The justices’ main duty is to hear and rule on cases. ◦ This involves justices in 3 decision-making tasks: Deciding which cases to hear from among the thousands appealed to the Court each year. Deciding the case itself. Determining an explanation for the decision. The court’s opinion is a written explanation of the Supreme Court’s decision.
The chief justice’s duty is to provide leadership for the court, presiding over sessions and conferences at which cases are discussed among the justices. The justices also have limited duties related to the 12 federal judicial circuits ◦ On occasion they may serve on high-level commissions.
Law clerks chosen by the justices help them research cases, summarize key issues in cases, and assist in writing drafts of justices’ opinions. Most justices have been federal or state judges or have held other legal positions such as attorney general. Most have considerable legal experience, are in their 50s or 60s, and come from upper socioeconomic levels.
Justices are appointed by the president and must be approved by the Senate. Most nominees are confirmed but are scrutinized heavily. Political considerations play a major role in presidential appointments to the Court. ◦ Members of the president’s own party usually are named if their prospects of winning Senate approval are good.

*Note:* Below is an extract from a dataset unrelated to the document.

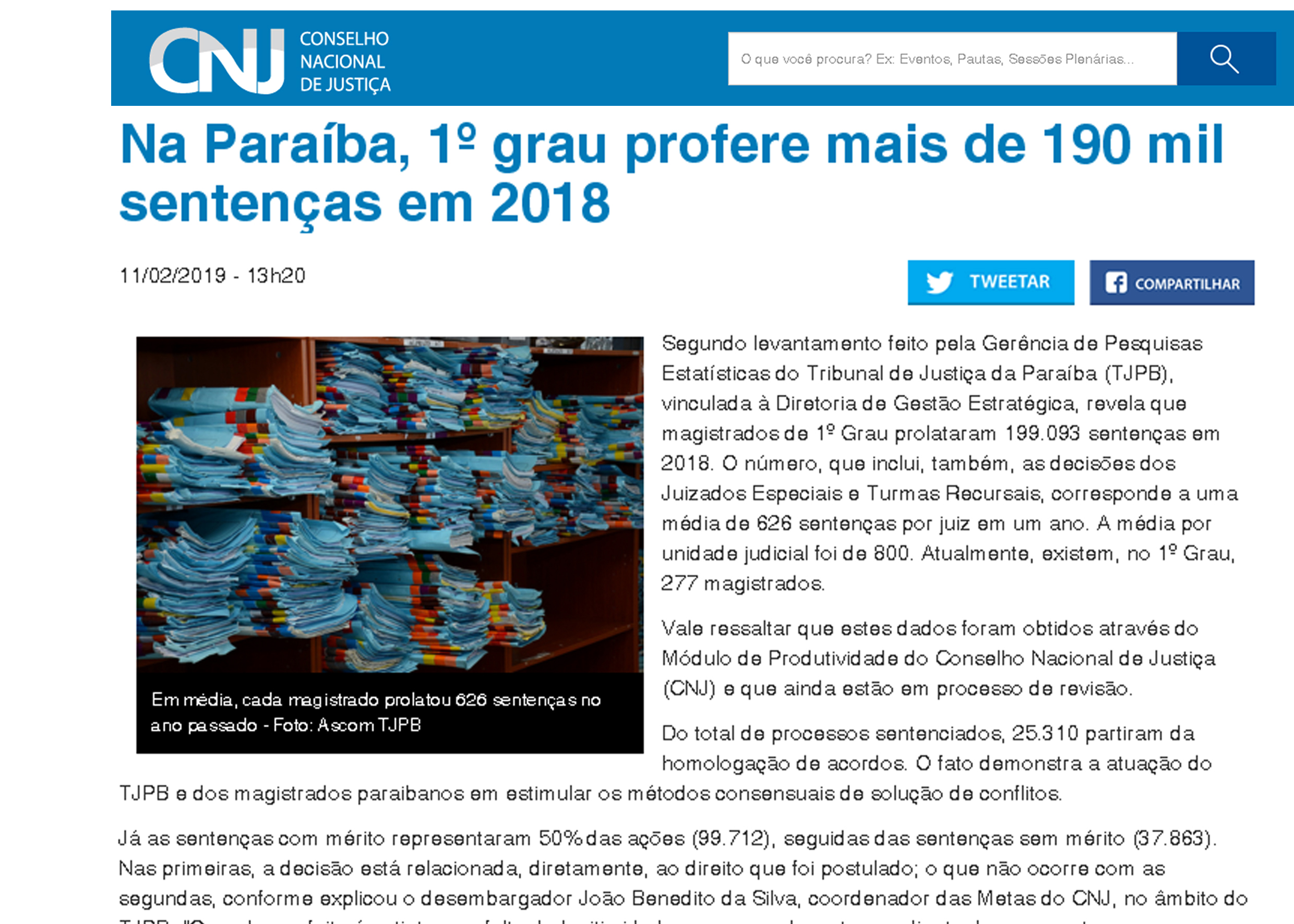 A produtividade da magistratura paraibana do 1º grau de jurisdição no ano de 2018 foi assunto retratado no Portal de Notícias do Conselho Nacional de Justiça (CNJ) nesta segunda-feira (11). Os números levantados pelo setor de Pesquisas Estatísticas do Tribunal de Justiça da Paraíba e obtidos pelo Módulo de Produtividade do CNJ demonstram que, no período, foram prolatadas 199.093 sentenças, correspondente a 626 por juiz.

The American Bar Association has played an important role in the selection of justices by rating nominees qualifications. ◦ Since 1952, the ABA’s Committee on the Federal Judiciary has been consulted by every president concerning almost every federal judicial appointment. ◦ George W. Bush tried to limit the ABA’s role arguing that the liberal-oriented organization plays too large a role the confirmation process.
Interest groups such as organized labor, civil rights groups, and the National Organization for Women attempt to influence Senators’ voting on nominated justices. Sitting Supreme Court justices can have some influence in the selection of new justices. ◦ They may write letters of recommendation supporting candidates who have been nominated or they may lobby the president for a certain candidate.